= TASK BRIEF =
The task calls for an exact copy of the records, without any images.

[Data extracted from a collection]
———

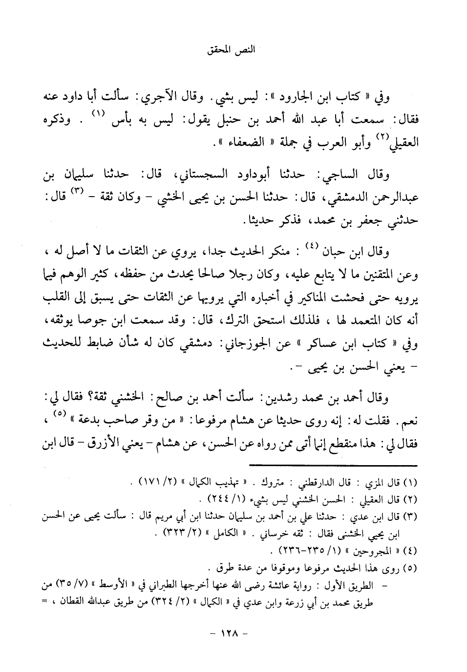 (¬٢) قال العقيلي: الحسن الخشني ليس بشيء (١/ ٢٤٤).
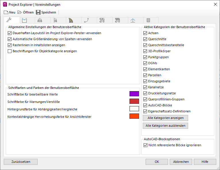Voreinstellungen bestimmen alle Aspekte der Benutzeroberfläche von Project Explorer, die für die Erstellung von Berichten nicht relevant ist. Beispiele: Farbschemata und Vorgabe-Maßstabseinstellungen für Höhen- und Querprofilpläne, Schriftarteinstellungen für die Benutzeroberfläche sowie Sichtbarkeit und Bereichslayout der einzelnen Objektkategorie-Registerkarten im Project Explorer-Fenster.
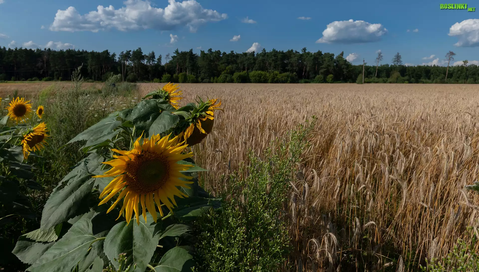 Rośliny: Pole, Zboże, Słoneczniki, Drzewa
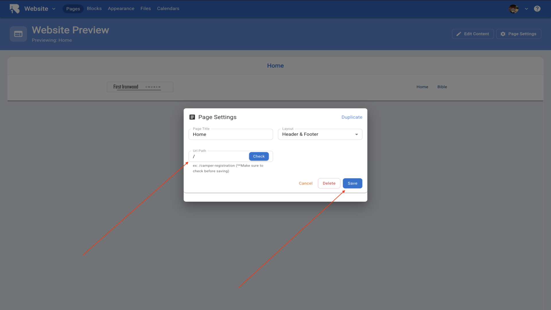 8.For the home page, enter a forward slash with no text. Other pages use forward slash and page title. Click Save.▼
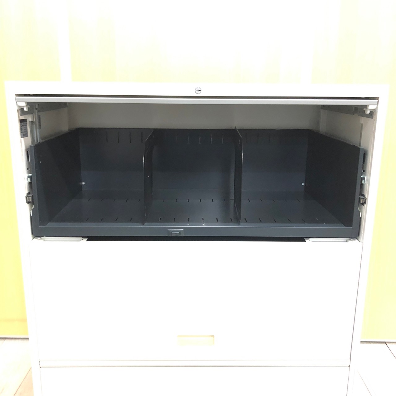 - 多数不具合あり引出の開閉不可、施錠不可、棚板無しといったその書庫の本来の効用を果たすための機能以外の多数が使用不可(例、扉、引出の開閉がしづらいなどがある。 )
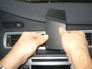 Trykk på den vedlagte spalteåpneren mellom rammen som omgir luftgrillen og dashbordet for å utvide gapet. Press den rillede nedre delen av del 1 inn i spalten ved siden av spalteåpneren. Trykk til du hører/føler at det klikker inn i gapet. Fjern gapåpneren. Trykk på spalteåpneren mellom rammen som omgir luftgitteret og dashbordet. Press forover på den øvre delen av del 1 slik at den rillede kanten går inn i spalten ved siden av spalteåpneren. Trykk vekselvis på høyre/venstre side av del 1 til du hører/føler at den klikker inn i gapet. Fjern gapåpneren.

———

= THE COMPLETED TASK =
 (¬٢) قال العقيلي: الحسن الخشني ليس بشيء (١/ ٢٤٤).
Voreinstellungen bestimmen alle Aspekte der Benutzeroberfläche von Project Explorer, die für die Erstellung von Berichten nicht relevant ist. Beispiele: Farbschemata und Vorgabe-Maßstabseinstellungen für Höhen- und Querprofilpläne, Schriftarteinstellungen für die Benutzeroberfläche sowie Sichtbarkeit und Bereichslayout der einzelnen Objektkategorie-Registerkarten im Project Explorer-Fenster.
 Rośliny: Pole, Zboże, Słoneczniki, Drzewa
 8.For the home page, enter a forward slash with no text. Other pages use forward slash and page title. Click Save.▼
 - 多数不具合あり引出の開閉不可、施錠不可、棚板無しといったその書庫の本来の効用を果たすための機能以外の多数が使用不可(例、扉、引出の開閉がしづらいなどがある。 )
 Trykk på den vedlagte spalteåpneren mellom rammen som omgir luftgrillen og dashbordet for å utvide gapet. Press den rillede nedre delen av del 1 inn i spalten ved siden av spalteåpneren. Trykk til du hører/føler at det klikker inn i gapet. Fjern gapåpneren. Trykk på spalteåpneren mellom rammen som omgir luftgitteret og dashbordet. Press forover på den øvre delen av del 1 slik at den rillede kanten går inn i spalten ved siden av spalteåpneren. Trykk vekselvis på høyre/venstre side av del 1 til du hører/føler at den klikker inn i gapet. Fjern gapåpneren.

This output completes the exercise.